EXERCISE INSTRUCTIONS: Only lines containing the string "para" belong in the answer; find them in the records and copy them.

*** RECORDS SUPPLIED Section Begins ***

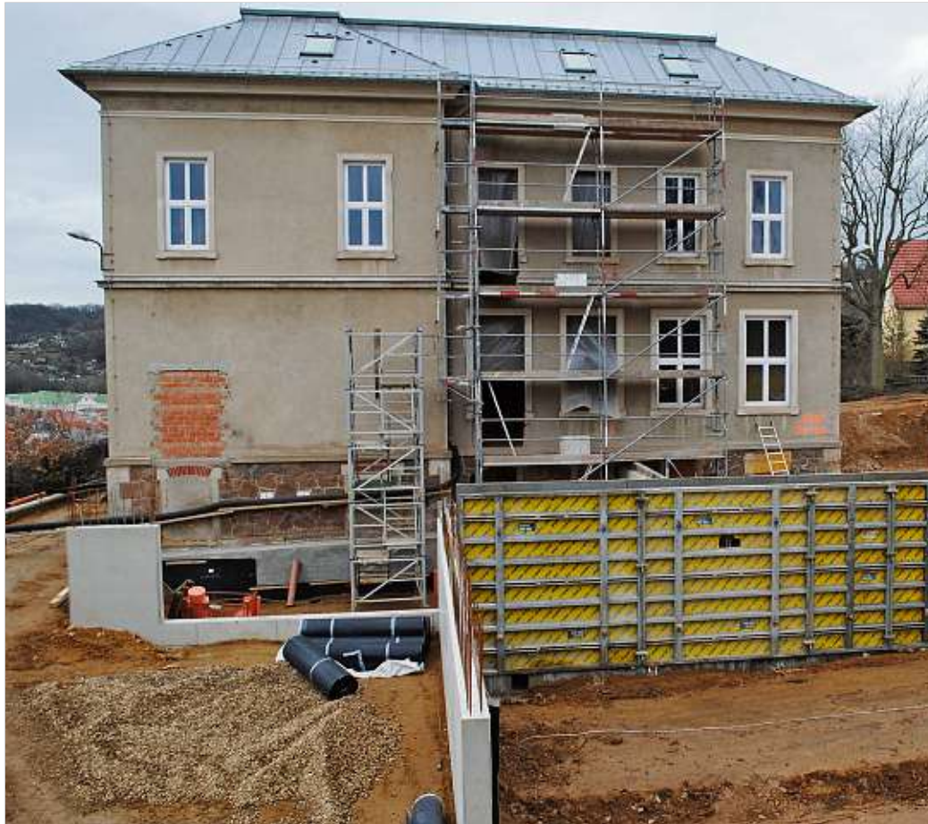
Blick auf einen Teil der frisch geschalteten Kellerwände des neu zu errichtenden Schulgebäudes.

In nächster Zeit steht das Gießen der 30 Zentimeter starken Bodenplatte für die Turnhalle an, für 657 Quadratmeter Fläche werden gut 240 Kubikmeter Beton benötigt. Darüber hinaus
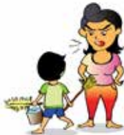
Sử dụng trẻ như một nô lệ
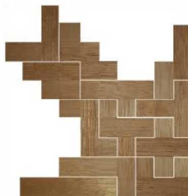
Fig. 51 www.creagenios.com.mx
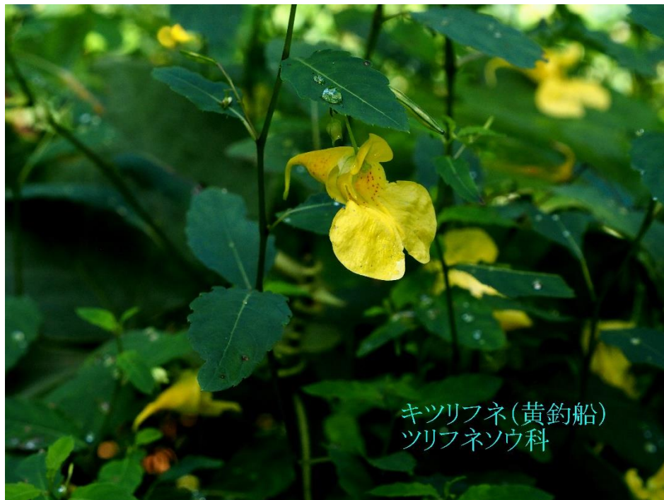
キツリフネ(黄釣船) ツリフネソウ科
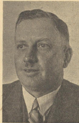
Ons in die Noorde sal ons deel doen.

Onmiddellike ondersteuning is nodig, teken in op die blad, en stuur enige fondse deur u ingesamel direk aan die Sekretaris, Die Republikein, Posbus 1411, Kaapstad. Alle bedrae sal erken word. Kragtige vrywillige bydraes is nodig. Die Suide het reeds die voortou geneem, en 'n aansienlike bedrag belowe.
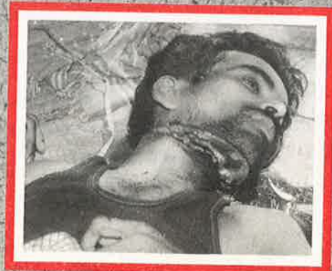
புளியங்குடியில் படுகொலை செய்யப்பட்ட மூன்று தலித் இளைஞர்களில் ஒருவர்
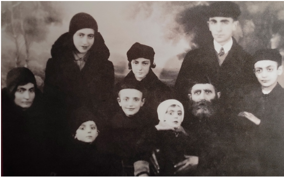
9. Muzeum i Miejsce Pamięci w Sobiborze, reprodukcje fotografii prezentowane na wystawie stałej

8. Museum and Memorial Site in Sobibór, objects in the display case of the permanent exhibition
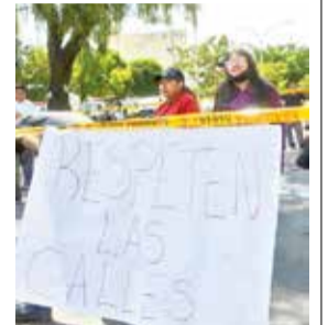
La protesta de vecinos y comerciantes. H. ANDIA
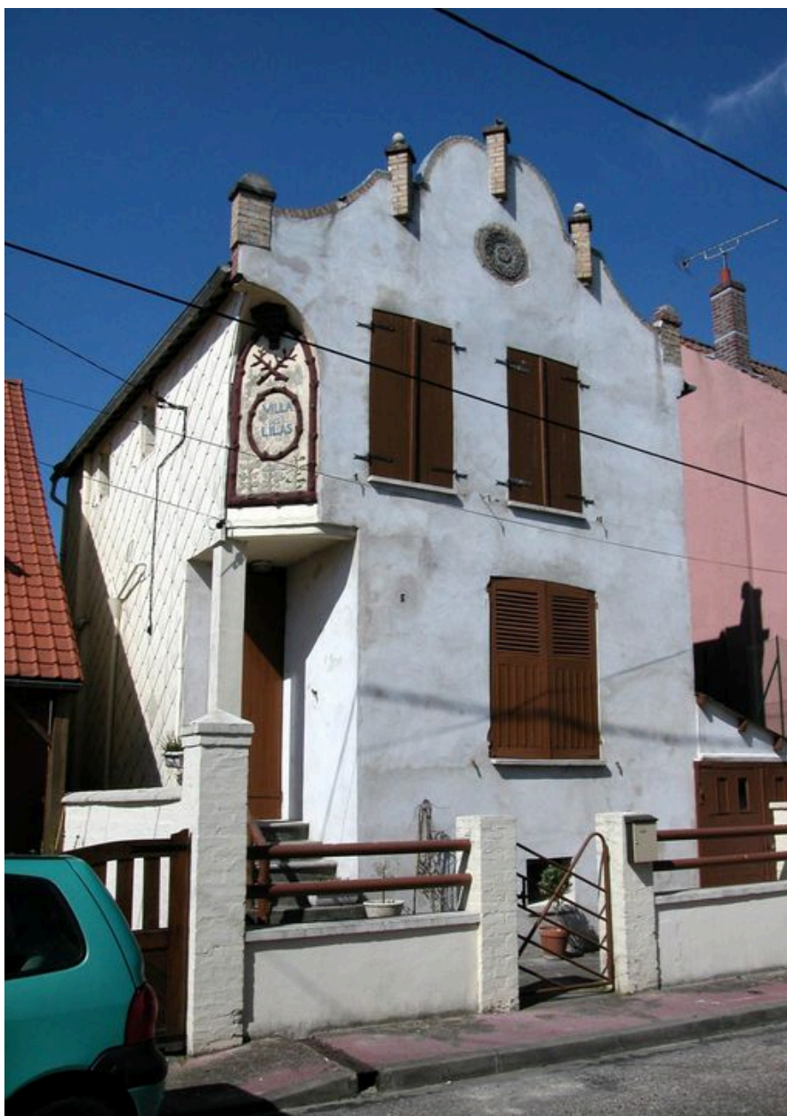
Maison dite les Lilas, 5 rue Jacques d'Harcourt (1985 AW 185).
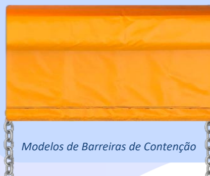
Modelos de Barreiras de Contenção

A barreira SNBar-00 são indicados para águas internas, tanto para contenção de lixo, plantas aquáticas e absorção de óleo.
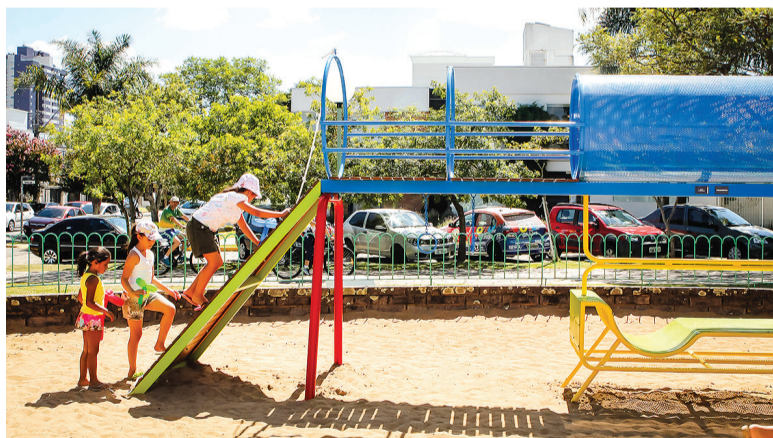
O parquinho foi uma doação da entidade à comunidade local em 2016, durante o projeto Somos Móveis, realizado para as comemorações das 20 edições da feira Movelsul Brasil
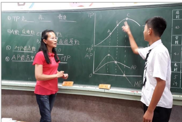
(7) 指定學生上台講解
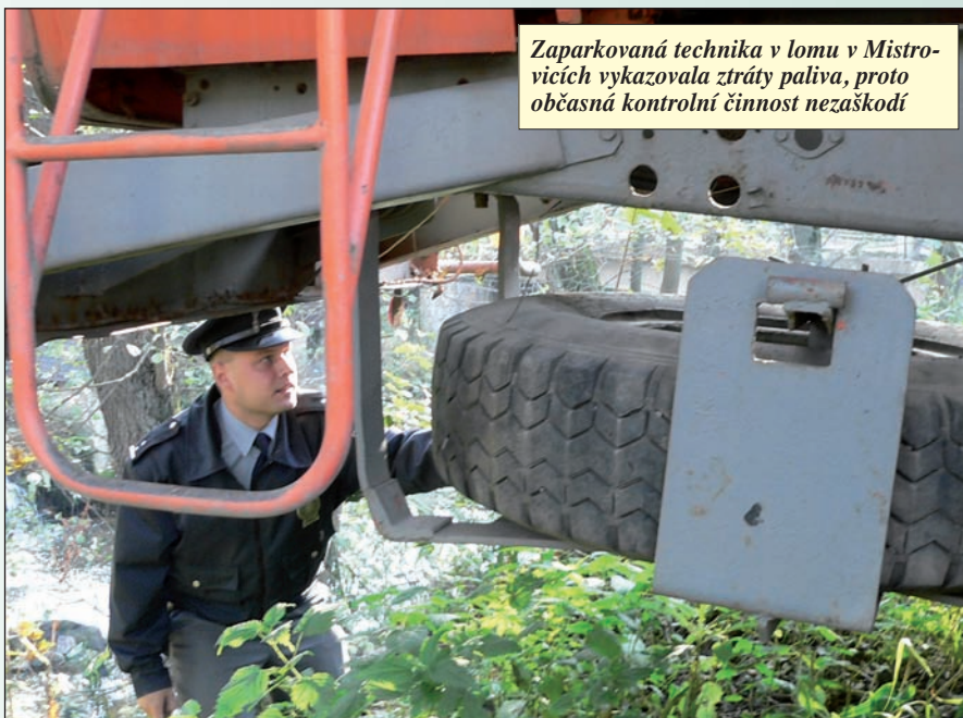
Zaparkovaná technika v lomu v Mistrovicích vykazovala ztráty paliva, proto občasná kontrolní činnost nezaškodí

Někdy před pěti lety měli obvodáci ve výčtu vážnějších případů i domácí zabíjačku.
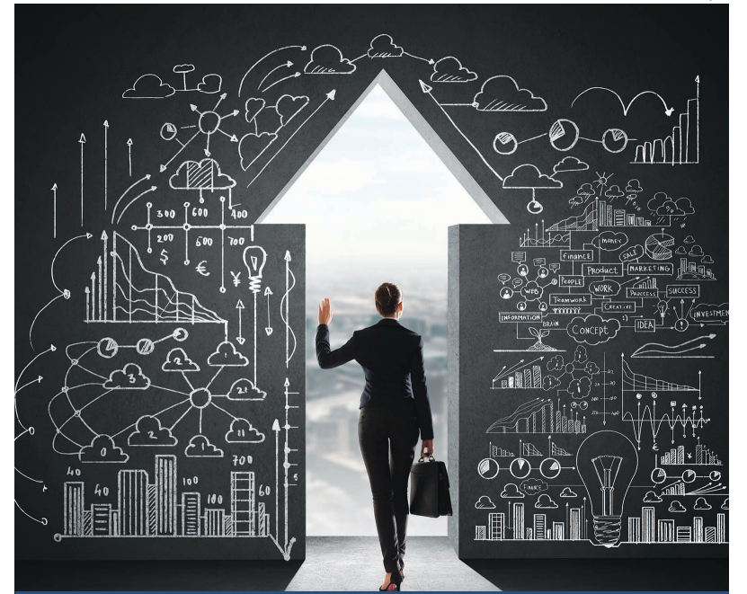
Limeira é uma cidade pujante e possui grandes empreendedores que contribuem com seu desenvolvimento
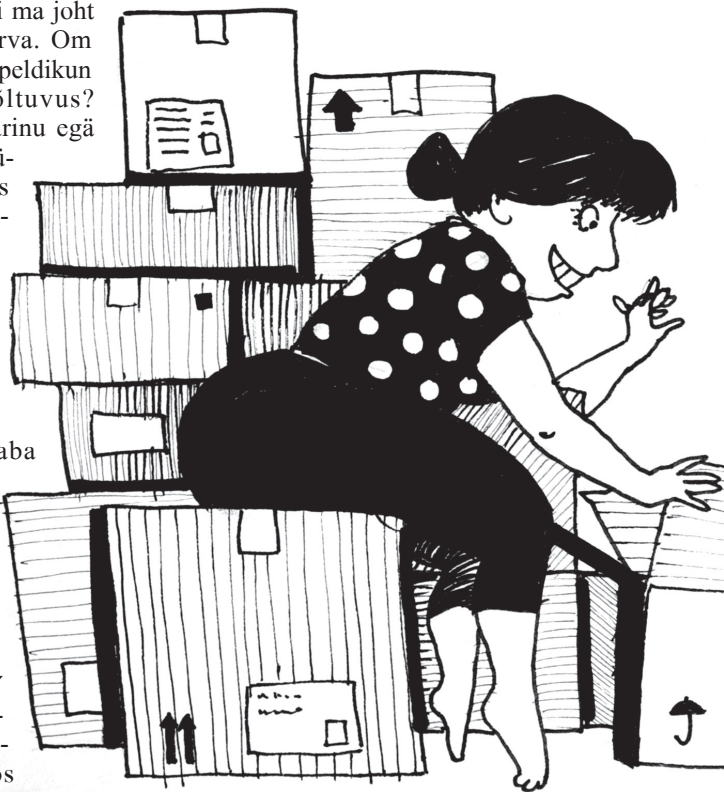
PLATSI LIISO TSEHKENDÜS

Täambädsel pääväl om asi lihtsä – ku midägi väega himostat, võta pangast lainu vai telli kataloogõst perä-

*** RECORDS SUPPLIED Section Ends ***

TASK RESULT:
A barreira SNBar-00 são indicados para águas internas, tanto para contenção de lixo, plantas aquáticas e absorção de óleo.
O parquinho foi uma doação da entidade à comunidade local em 2016, durante o projeto Somos Móveis, realizado para as comemorações das 20 edições da feira Movelsul Brasil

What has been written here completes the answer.